(ARA) You may be able to get a few more years out of your car, and you've definitely decided to put off purchasing a big-screen, high-def plasma TV. But sometimes buying furniture is not a luxury, it's a necessity.
When you see ads for no-interest financing deals, you may feel better about replacing your decrepit dining room set or ditching that couch that threatens to collapse every time the kids sit on it. There certainly are good deals available in a recession, and you shouldn't put off buying something you really need. But the concept of "buyer beware" becomes even more important in an economy where furniture dealers are all equally desperate for your dollars, but not all equally ethical in how they go about getting you to hand over your money.
Brad Haas, a furniture expert with manufacturer Carrington Court Direct, offers a few tips to make sure you get the best possible deal on furniture in an economic downturn, when it's more important than ever to get the most for your money.
"Some of the best deals can be found during a recession, since manufacturers and stores are motivated," Haas says. But even if you've found a "deal" at your local furniture showroom, if you buy retail you'll still probably be paying more than you have to. "Be skeptical of deals that seem too good to be true -- they probably are. Cheap furniture may be cheaply constructed and is not always a good deal. Quality should always be a factor in your buying decisions."

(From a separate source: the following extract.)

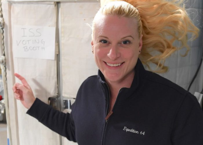 A photo posted on the NASA Astronauts Twitter account shows Rubins in front of a pen-and-paper ISS voting booth sign stuck on the outside of a small cubicle that might also serve as the bathroom for all we know. A comment with the tweet reads: From the International Space Station: I voted today.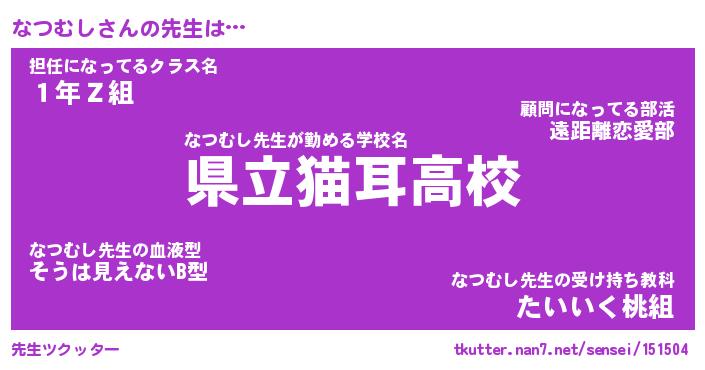 | 意味不明あだ名 | 『ペロリンなつむし』『永久保存なつむし』 |

Consider these issues when evaluating a furniture purchase:
* Is shipping free? Probably not. Shipping furniture can be costly and no store can afford to eat that cost. If they're advertising free shipping, most likely the shipping costs have been rolled into the sales price. Calculate the cost of shipping (usually 15 to 20 percent of the price) and deduct that amount from the asking price.
* Beware of no interest/no payments schemes. These plans usually are attached to lower-quality furniture that will last five years or less. By the time you're done paying it off, the furniture is worn out and you'll need to buy (and possibly finance) new furniture again.
* Going-out-of-business sales are not always a good deal. There are companies that specialize in this type of business. The furniture may be marked up above retail prices before being "discounted," giving you a false perception that you're getting a good deal.
Shopping online can be a good way to get great deals on furniture, Haas says. You can easily compare prices, save time and gas by not driving around to multiple stores, and you'll find a large selection of styles and fabrics to choose from -- probably more than you would be able to find in your average furniture showroom. Keep in mind you won't see the piece until it's actually delivered, so be sure to choose online merchants whose sites offer plenty of information and who emphasize customer satisfaction and service.
Look for online sellers, like Carrington Court, where you'll be buying from and dealing directly with the manufacturer. You'll find more affordable prices and better customer service. In business for 25 years, Carrington Court specializes in dining and parsons chairs, and offers a lifetime warranty on the furniture's frames, a quality guarantee and a huge selection. An outlet option offers top quality furniture at great savings, with the same lifetime warranty. You can choose from hundreds of fabrics online, or send your own. Production and shipping are speedy, and if there's ever a problem you can speak to the manufacturer directly.
"In a down economy, many people may be reluctant to buy furniture they really need," Haas says. "But it is possible to find a good deal on quality furniture, if you know where and how to look for it."